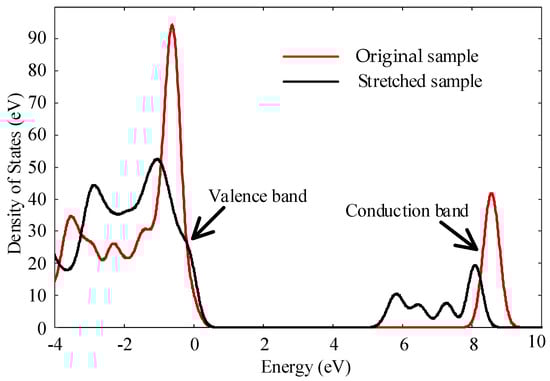Density of states diagram before and after stretching.
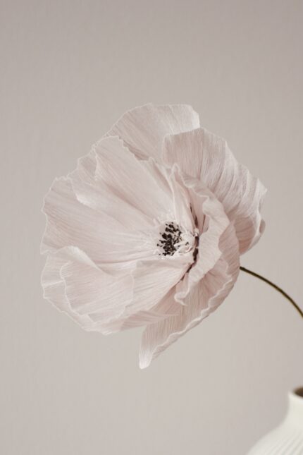 Als Strauß oder als einzelne Blume wunderschön, der Stil der Papierblume ist biegsam, so könnt ihr je nach Vasengröße oder Form die Blumen arrangieren.
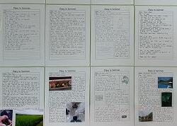 よく見てみると、中学3年の作品の横には作品とは別にコメントが貼ってありました。作品名の「輝ける未来へ」に関連付けて、自分の将来の夢やそのことに対する思いが綴られていました。将来への期待や不安など・・・思いは様々でした。夏休みという比較的ゆっくりとできる時にこれからの自分のことを考えたり、家の人と話してみたりするのもよいのでは・・・と感じたところでした。
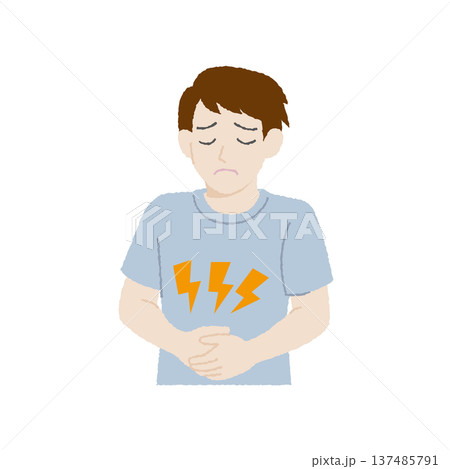 シンプルなタッチの摂食障害の若い男性のイラスト4点セット
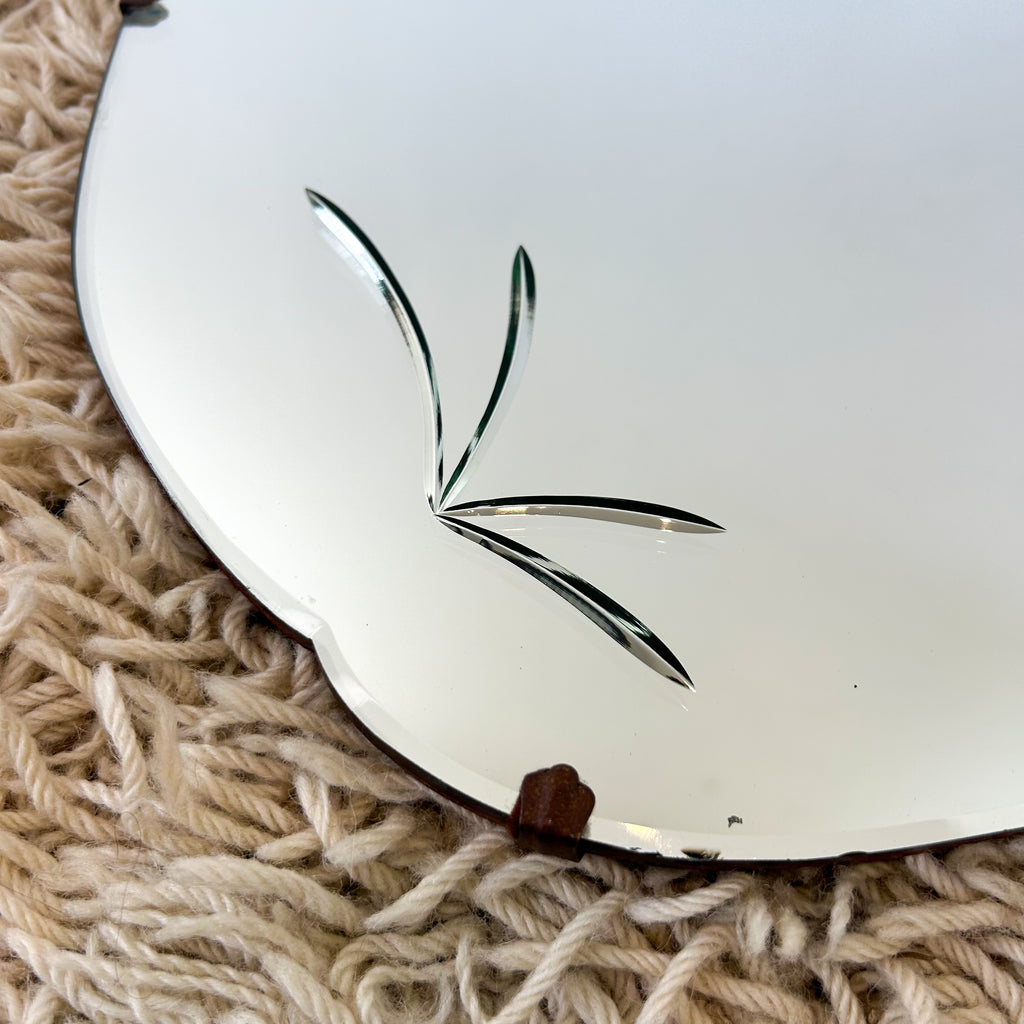 Vintage cloud shaped beveled edge mirror with pretty details. Chain on the back for hanging.
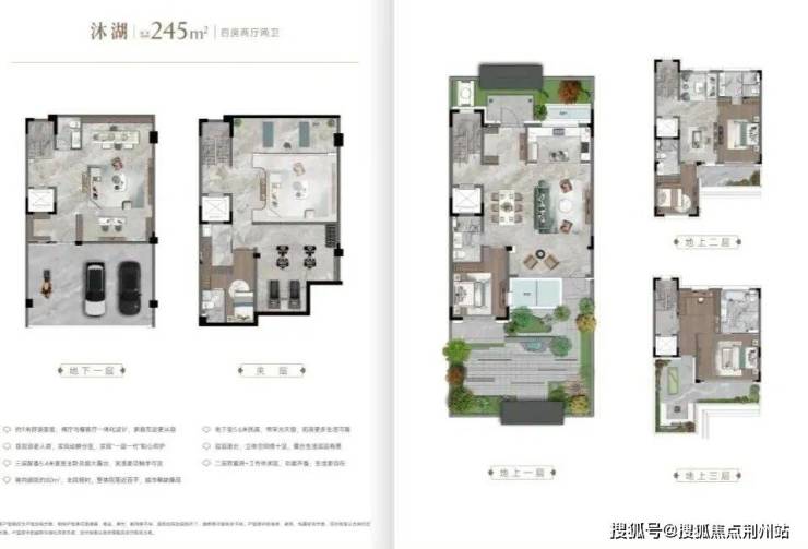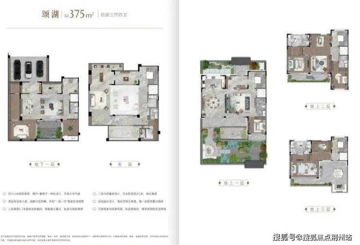 建面约245-287-295-365m²的合院:3层设计,层高3.1-3.5米,户户配备独立庭院。
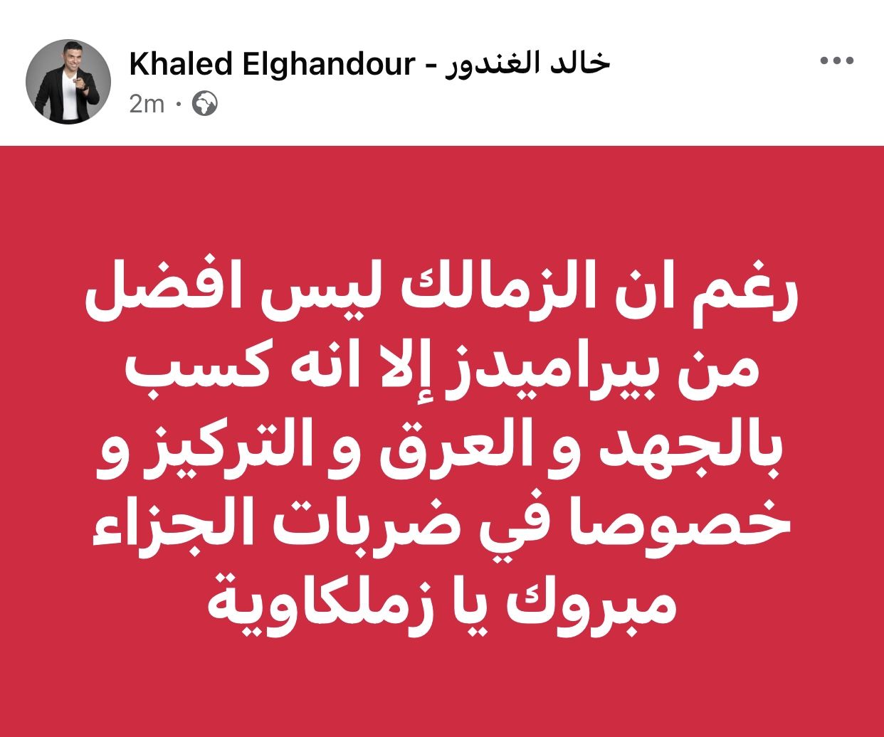 وكتب الغندور عبر حسابه الشخصي بموقع فيسبوك: "رغم ان الزمالك ليس أفضل من بيراميدز إلا أنه كسب بالجهد والعرق و التركيز و خصوصا في ضربات الجزاء، مبروك يا زملكاوية".
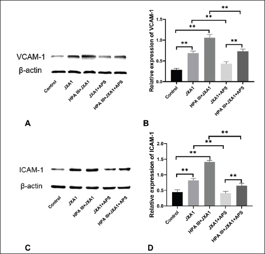 Fig. 5. Effects of astragalus polysaccharide on the permeability of horseradish peroxidase-labeled streptavidin across the monolayer of porcine pulmonary microvascular endothelial cells infected with HP-PRRSV JXA1. “*” indicates P < 0.05, “**” indicates P < 0.01. VCAM-1 and ICAM-1 expression in HP-PRRSV-infected MVECsThe shedding of glycocalyx would bring out adhesion molecules on cell surfaces and affect their expression, recruiting and activating inflammatory cells. Based on previous transcriptome sequencing results (Wu et al., 2023), the expression of two adhesion molecules was investigated in this experiment. The results showed that normal porcine lung MVECs had low VCAM-1 and ICAM-1 expression, and HP-PRRSV infection significantly increased the expression of both adhesion molecules (P < 0.01), and HPA III treatment further promoted their expression (Fig. 6). Moreover, APS significantly downregulated the expression of VCAM-1 and ICAM-1 (P < 0.01), whereas treatment with HPA III significantly attenuated the downregulation effect of APS (P < 0.01).
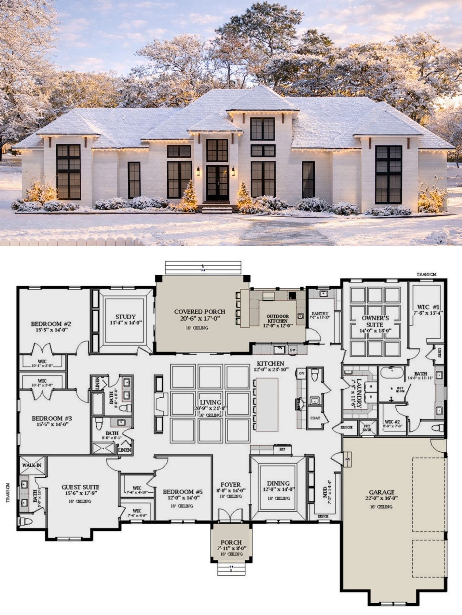 With an overall width of 93′ 8″ and depth of 71′ 8″, this is a substantial home that sits confidently on the lot. And at roughly 28 feet in height, it still maintains a grounded, one-story profile—grand, but not towering.
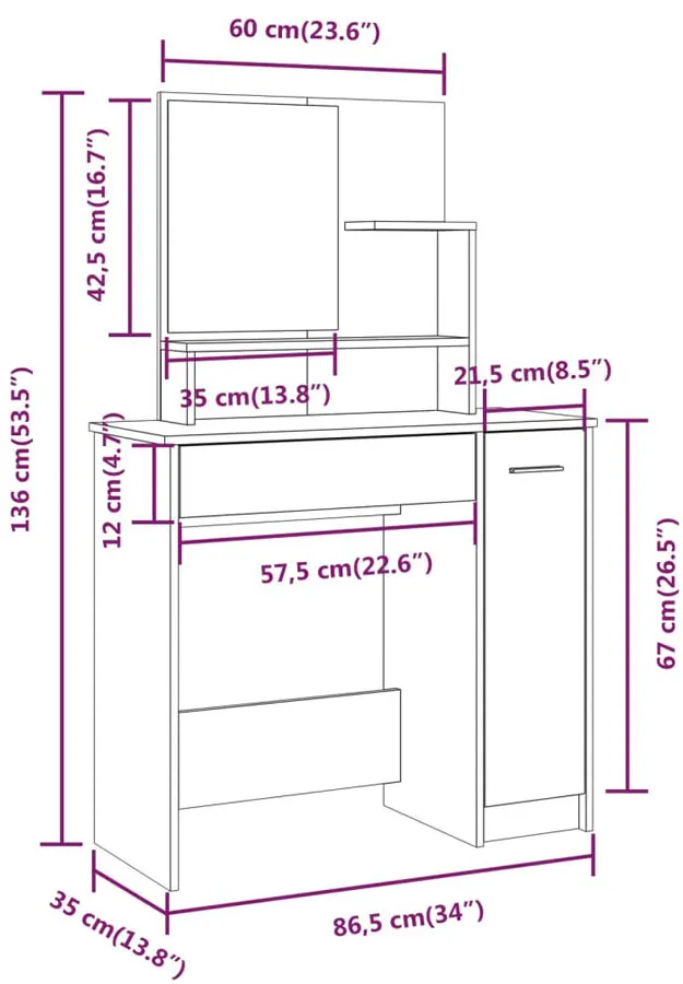 Dotyczy: Skandynawska toaletka z lustrem dąb sonoma - Haleb 3X
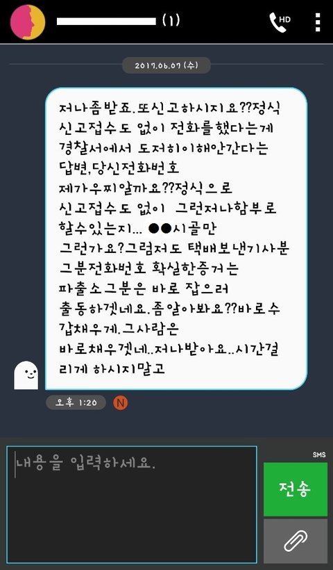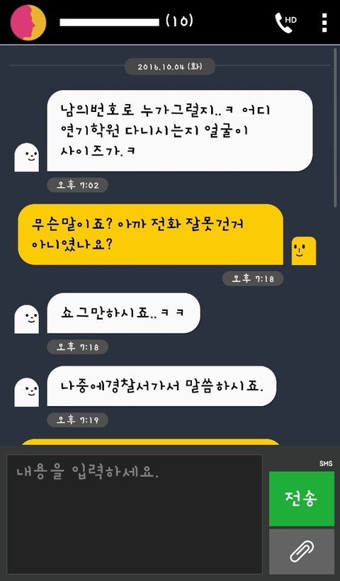 받자마자 다짜고짜 소리지르며 욕을 하길래 다른 번호랑 착각해서 잘못걸었나보다 싶었는데
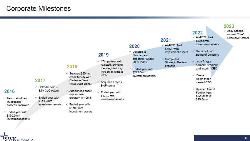 7 Book Value Components Tangible Finance Book Value / Share = $19.02 • Excludes value of deferred tax asset, net Enteris intangibles and goodwill * , and Enteris PP&E • SWK’s targets 10%+ CAGR of tangible finance book value / share Plus: Enteris Biopharma Net Book Value / Share = $0.87 • In 2019, SWK paid $21.5mm upfront to acquire Enteris • At December 31, 2022 Enteris book value, net of contingent liabilities totaled $11.2 mm ($0.87 / share) • Enteris has valuable assets that may not be captured by traditional GAAP accounting Plus: Deferred Tax Asset / Share = $1.91 • At 12/31/22 SWK had federal net operating losses (NOL) of $124.5mm • NOLs will expire by 2037 12/31/22 Total Book Value per Share of $21.80 * Intangible assets, net plus goodwill less contingent consideration payable
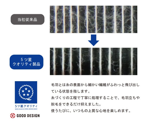 タオル美術館が開発した独自のコーマ糸「プレミアムフルフィーコットン」と、毛羽立ちを抑える「5ッ星クオリティ」製法により、洗うたびにふっくらとした風合いと吸水性が持続。柔軟剤に頼らず、自然なやわらかさを叶えます。

------------------------------------------------

■ **TASK TO COMPLETE**:
Take only the lines above from the one that has "よく見てみると、中学3年の作" through the one that has "Vintage cloud shaped" and reproduce them exactly, omitting any pictures.

■ **WORKED SOLUTION**:
 よく見てみると、中学3年の作品の横には作品とは別にコメントが貼ってありました。作品名の「輝ける未来へ」に関連付けて、自分の将来の夢やそのことに対する思いが綴られていました。将来への期待や不安など・・・思いは様々でした。夏休みという比較的ゆっくりとできる時にこれからの自分のことを考えたり、家の人と話してみたりするのもよいのでは・・・と感じたところでした。
 シンプルなタッチの摂食障害の若い男性のイラスト4点セット
 Vintage cloud shaped beveled edge mirror with pretty details. Chain on the back for hanging.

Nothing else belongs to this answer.